Alexander Mauricio Madrigal Ureña (born 6 May 1972) is a former Costa Rican-Mexican footballer.

Club career
Madrigal grew up in Santa María de Dota and started his career at Cartaginés, with whom he lost the 1992–93 league title decider against Herediano and the 1995–96 final against Alajuelense, and later joined Alajuelense before entering a 5-year spell in Mexico, where he played for 5 different clubs.

Madrigal also played for Municipal Pérez Zeledón.

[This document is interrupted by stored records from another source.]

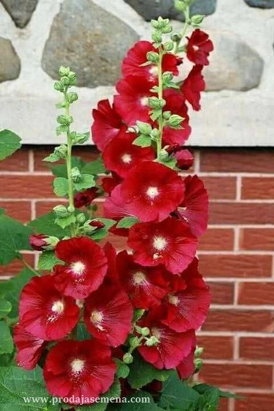Prodaje se seme ukrasnog crvenog sleza – visoka, upadljiva bastenska biljka koja daje jaku, vatreno crvenu boju i prirodan, bogat izgled cvetnim lejama.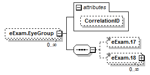 | <xs:element id="eExam.EyeGroup" maxOccurs="unbounded" minOccurs="0" name="eExam.EyeGroup"> <xs:complexType> <xs:sequence> <xs:element id="eExam.EyeAssessment" maxOccurs="unbounded" minOccurs="0" name="eExam.18"> <xs:complexType> <xs:simpleContent> <xs:attribute name="PN" use="optional"> <xs:simpleType> </xs:simpleType> </xs:attribute> </xs:extension> </xs:simpleContent> </xs:complexType> </xs:element> </xs:sequence> </xs:complexType> </xs:element> |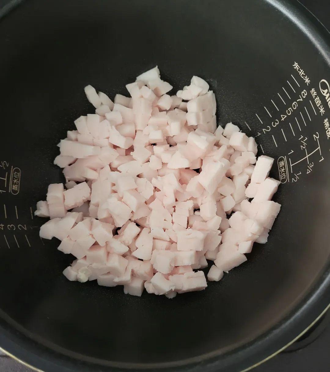 把豬板油切成小粒,扔進電飯煲,加小半碗水,按下煮飯鍵就能翹着二郎腿追劇去了。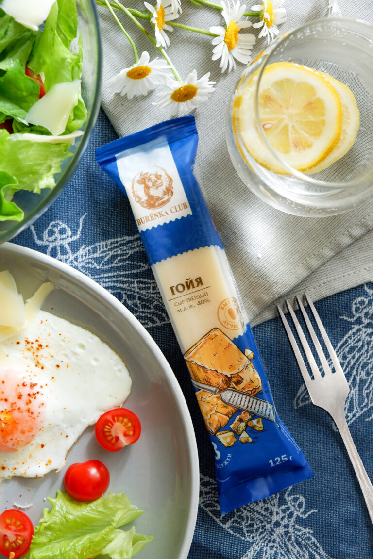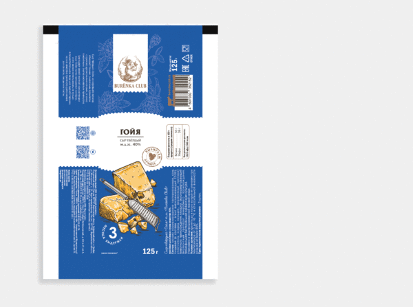 Cheeses are differentiated by the color of their packaging. A stylistic engraving was drawn for each cheese. The cheeses on the store shelf are in the same general line, in a show box.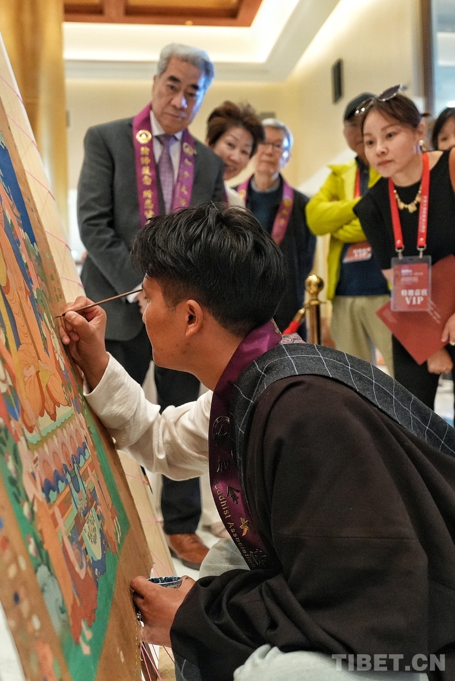 為了提升觀展體驗,展覽特別設(shè)置了“唐卡技藝現(xiàn)場演示”環(huán)節(jié)。壤巴拉非遺傳習(xí)協(xié)會青年藝術(shù)家申支足現(xiàn)場展示傳統(tǒng)唐卡繪制過程,他專注而細(xì)膩的筆觸,讓觀眾得以近距離觀察到非遺技藝的“匠心細(xì)節(jié)”,直觀感受每一幅作品背后所沉淀的時間與文化心血,從而更深入地理解中國優(yōu)秀傳統(tǒng)藝術(shù)的創(chuàng)作邏輯。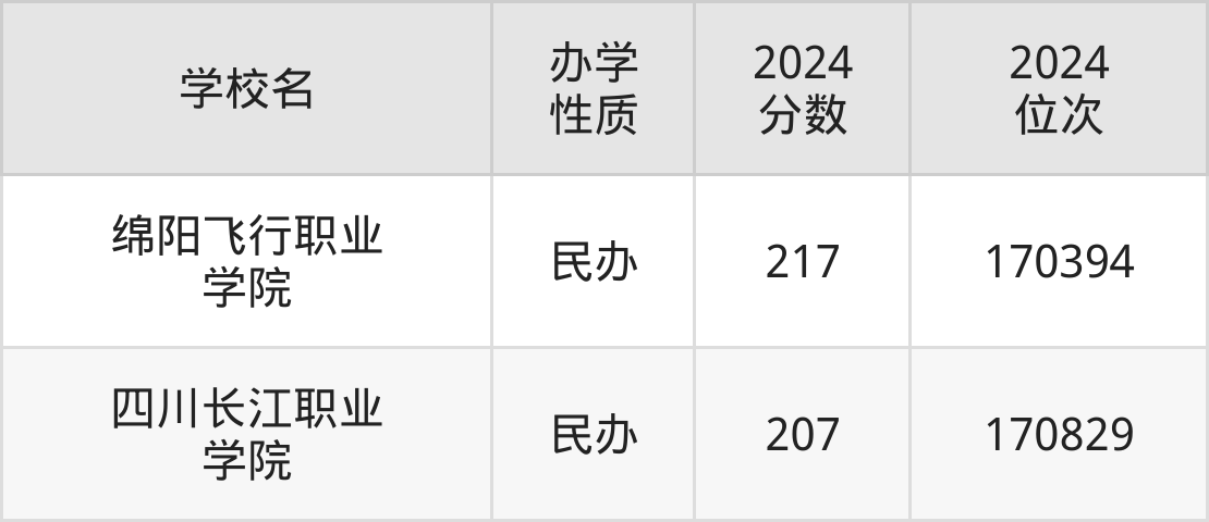 | 绵阳飞行职业 学院 | 217 | 170394 |
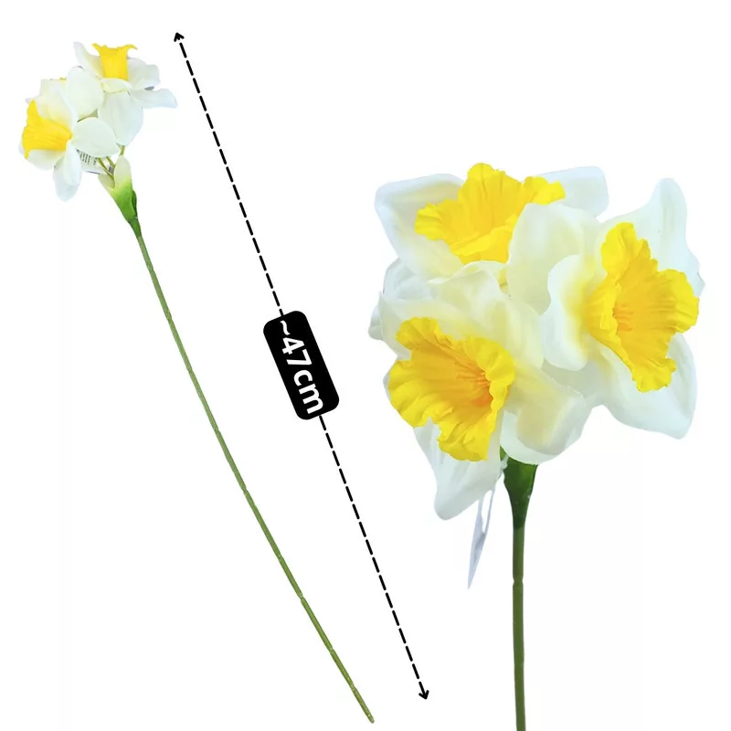 1 szál nárcisz, nyitott virágfejű, élethű megjelenésű, formázható műanyag szárral. Ideális választás vázákba, koszorúkhoz, ajtódíszekhez, csokrok kiegészítésére, vagy akár önálló dekorációként is. Kiváló minőségű anyagból készült, így tartós és sokoldalúan felhasználható.

El Machón finished his career at Guatemalan side Cobán Imperial.

International career
Madrigal made his debut for Costa Rica in a May 1995 friendly match against the USA and earned a total of 34 caps, scoring 2 goals. He represented his country in 12 FIFA World Cup qualification matches  and played at the 1995 UNCAF Nations Cup and was selected for the Costa Rica national football team for the 1998 CONCACAF Gold Cup.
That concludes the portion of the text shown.